Logistics start-up Loadshare raises funding from Stellaris Venture and Matrix Partners

Industry:    2018-04-10

Bengaluru-based logistics start-up Loadshare, which focuses largely on small and medium enterprises (SMEs), has raised an undisclosed amount of funding led by Stellaris Venture Partners and Matrix Partners India.

The company will use the fresh funding to strengthen its core leadership team, expand into new geographies, and to scale its technology base. As a part of the transaction, Alok Goyal, partner at Stellaris Venture Partners, will join the company’s board, the company said in a statement.

Loadshare offers technology solutions and operation management to SMEs working in the logistics sector. Its main focus is to help these companies develop an asset-light logistics service model, thereby helping them to expand their reach in terms of serviceable areas.

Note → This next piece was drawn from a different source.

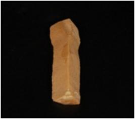 | Description / विवरण | Chert blade with a mid ridge on dorsal, triangular in section and use wear marks on cutting edge. |

The start-up also offers first mile, line-haul, last mile deliveries and modular logistics software solutions to its business partners. It was founded by in 2017 by Raghu Talluri, Tanmoy Karmakar, Rakib Ahmed and Pramod Nair.

Loadshare currently operates in more than 3,500 pin codes across North East and East India, all four South Indian states, Rajasthan, Uttar Pradesh and key metros. According to Raghuram Talluri, chief executive of LoadShare, the company’s biggest customers include e-commerce firms, but it is also planning to expand more into the business-to-business (B2B) logistics segment.

“Our mission is to help SME logistics partners grow, while delivering great service levels, lowest cost and reach to our customers. It’s heartening to see many of our partners grow 10X and more in a short span of time, even in the logistically underserved parts of India. We intend to expand into B2B segment in addition to scaling up B2C” added Talluri.

“Loadshare is a unique opportunity to create an asset-less business in a massive, highly fragmented, inefficient and a capital-intensive industry. We believe the company is well positioned to integrate logistics service providers which have excess capacity but don’t have access to larger shippers, to build a high quality and low-cost delivery network, flexibly orchestrated through software,” said Goyal, partner at Stellaris Venture Partners.

Excluding the current round, the company had raised close to $1 million in seed funding earlier in May 2017, according to Talluri.

Over the past couple of years, investors have put money into several logistics start-ups, especially those which work on the technology end. Logistics companies Rivigo and Blackbuck have raised more than $170 million and more than $100 million, respectively.